С какой эпохой сравнивать наше время? В какой момент истории и какие чувства образуют модель любви, какова их основная форма, что считать за отправную точку, когда мы говорим о трансформации? Античные нравы? Любовь в Персии или Аравии? Педерастию в Афинах или Риме? Странствующих рыцарей в Средние века и их совместные с дамами купания в банях? Казанову, любившего девочек? Элегантный адюльтер парижских фельетонов? Традиционный инцест в сибирских и других деревнях? Потребовалось бы провести тщательные исторические изыскания, чтобы разобраться в сегодняшних эротических проблемах, которых, возможно, нет.
Другая сложность: романисты влияют на чувства своего времени или это свойственные времени чувства влияют на романистов? Не знаю, повлияла ли моя “Лолита” на нравы, если не считать того факта, что в Америке родители перестали называть этим именем своих дочерей. Знаю, что ни моя эпоха, ни ее мораль не оказали никакого влияния на мою книгу, потому что “Лолита” от начала и до конца была выдумана мной, не имевшем представления ни об Америке, ни об американских девочках. В целом, на эту тему можно сказать только одно: физиологическая сторона любви в книгах и газетах Европы и Америки сегодня раскрывается более смело, чем в прошлые годы. Все остальное - социология".

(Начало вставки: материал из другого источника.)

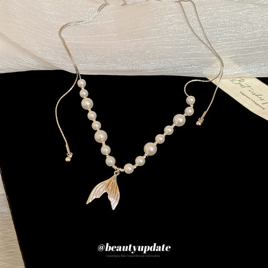 A廠【HN9014】海邊度假風玻璃珍珠魚尾吊墜抽拉式項鍊時尚小眾鎖骨鏈百搭項鍊飾女 25.06-2
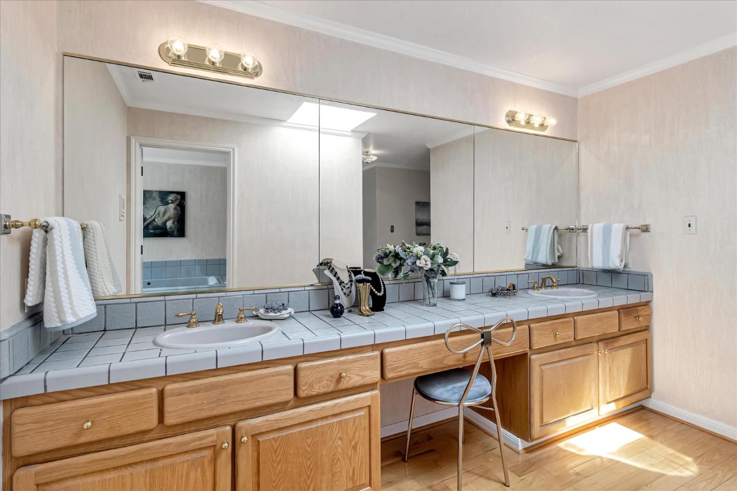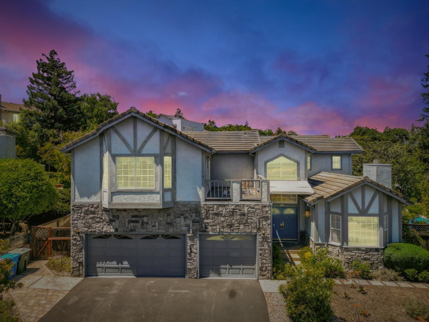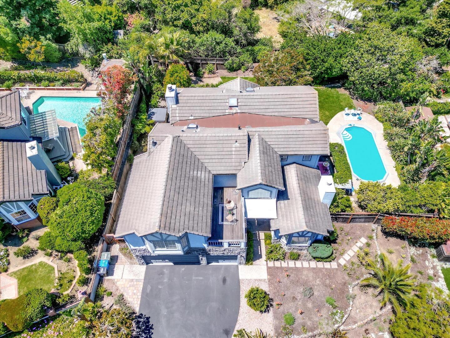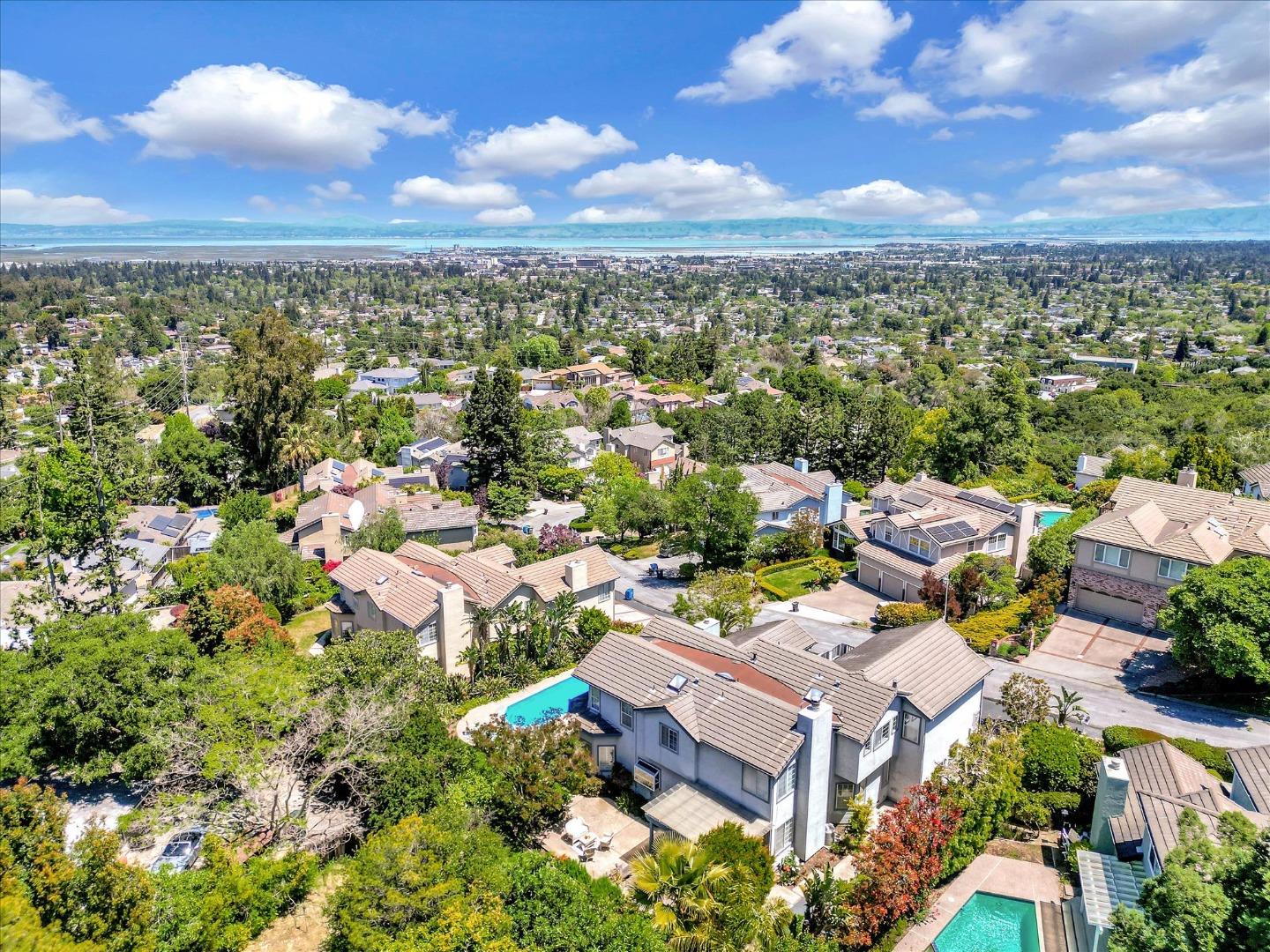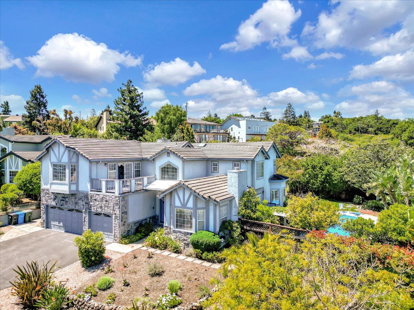 Emerald Hills VIEW Home with 3,800 sq. feet of amazing living space! 5B 3B + Fam Rm & 3 car garage. Situated on a 12,114 sq. ft. lot within a cul-de-sac. The welcoming foyer opens to a formal living room with a fireplace & a large formal dining area convenient to a deck & side yard. The chef's kitchen includes top-of-the-line appliances, an island w/gas stove top, a pantry + a sizeable eating area for casual dining. The GREAT family room offers a wet bar with glass shelving, a gas fireplace & access to the backyard. There's an en-suite bedroom with a full bath on the main level. A stately staircase leads to an expansive primary suite with a private balcony & view, a walk-in closet, a sunken jetted tub & separate shower & vanity with dual sinks. The Jack & Jill bedrooms share a bathroom with private sink & restroom areas. The 5th bedroom used as an office offers solid wood built-in cabinetry. A well-appointed large laundry room offers loads of storage and countertop workspaces. The pool, decks & hot tub & fruit trees are set in a beautiful, well-designed landscaped yard; perfect for entertaining or personal relaxation. Convenient to Roy Cloud School & Canada College. This impressive home welcomes you & your guests at the moment of arrival. View the many photos & floorplan

Ольга Немежикова      [26.07.2017 15:28]
Альфред Аппель
Вспоминая Набокова
Перевод с английского Валерия Минушина
Иностранная литература 2017, 6
 
“Подробности заката” (1976) - так будет названа его последняя завершенная книга. Подробность и точность: безусловно, краеугольные камни всякой подлинной эрудиции и, конечно же, величия Набокова как писателя. “Я не встречал человека, более эрудированного в буквальном смысле этого слова, чем Владимир; объем, скрупулезность и глубина его знаний поражали и восхищали”, - утверждал Артур Майзенер, биограф Ф. Скотта Фицджеральда, друг и коллега Набокова на протяжении почти десятилетия, с 1951-го по 1959 год(...)
 
“Как писатель я наполовину художник, наполовину натуралист”, - писал мне Набоков в 1966 году(...)

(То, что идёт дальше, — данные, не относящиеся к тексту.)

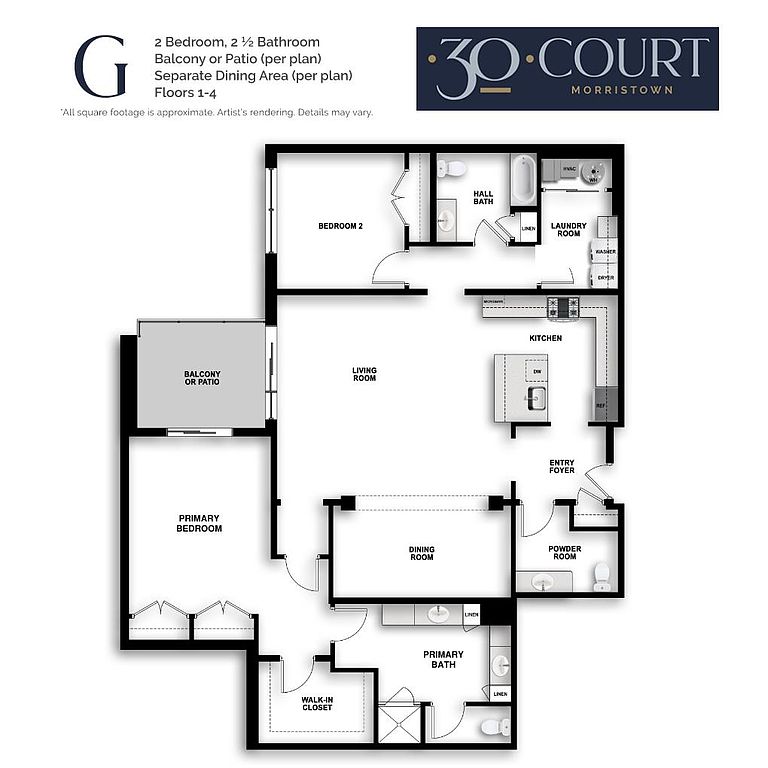 Yes, 30 Court Street Apartments has in-unit laundry for some or all of the units.
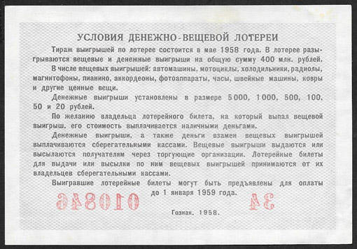 Билет денежно-вещевой лотереи. 5 рублей, 1958 г.
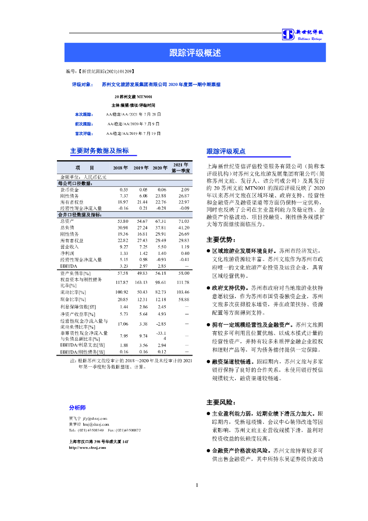 新世纪:苏州文化旅游发展集团有限公司主体信用评级报告.pdf

Набоков тщательно работал над каждым предложением, выписывая их на своих знаменитых каталожных карточках, словно был скорее средневековым или ренессансным миниатюристом, чем художником-монументалистом века девятнадцатого (он сам предпочитал визуальные и относящиеся к живописи метафоры, когда говорил о своей работе, замыслах и методах).
 
(...)помню фразу, заставившую меня растерянно задуматься на семь или около того минут несколькими годами позже, когда я читал набоковский рассказ 1945 года “Превратности времен”: “Обретение и наука, сбережение и искусство - две этих пары держатся особняком, но, когда они сходятся, ничто в мире уже не имеет значения” Шестая глава книги “Память, говори”, глава о бабочках, такая же радостная, как любая из нескольких подобных встреч или контактов в его творчестве(...)
 
“До появления Пушкина и Гоголя европейская литература была слепа, - заявил профессор Набоков во вступительной лекции о “Мертвых душах” осенью 1953 года. - Она описывала цвет банальным языком древних: небо синее, заря алая, листва зеленая, а облака серые, что, конечно, бессмысленно”. Набоковская палитра - “pal-ette” или “дружочек” - хорошее название для нее, - вполне мог бы он сказать - его писательская палитра была утонченно разнообразна. В “Память, говори”, например, он предъявляет “иссиня-белый” (оптическое явление, порождаемое тенями на ярком снегу), “дымчатый синий”, “лиловато-синий”, “серебристо-голубой”, “кобальтова синь”, “индигово-синий”, “лазурный”, “китайский синий”, “сизый”, “хрустально-синий”, “льдисто-яркий” (о воде), но никогда, конечно, нет, никогда, ну почти никогда, - неопределенный, монотонный, просто синий! - если позволите предложить классификацию в манере Набокова. И цвет, который некоторые из нас знают, описывают и воспринимают как “коричневый”, имеет у Набокова ни много ни мало тринадцать разных оттенков и сочетаний.(...)
 
“Я поставил себе целью силой печатного слова... прежде всего - заставить вас видеть. Это - и ничего более, но в этом всё”, - писал Джозеф Конрад в знаменитом предисловии к своему роману “Негр с ‘Нарцисса’”. Набоков, который ранее дал название своей повести “Соглядатай” (1930)[11], мог сделать это с чувственным своеобразием так же хорошо, как любой писатель столетия, описывал ли он облака, похожие на прессованный творог, ясное, сверкающее небо, подробности заката (см. заключительный абзац десятой главы “Память, говори”).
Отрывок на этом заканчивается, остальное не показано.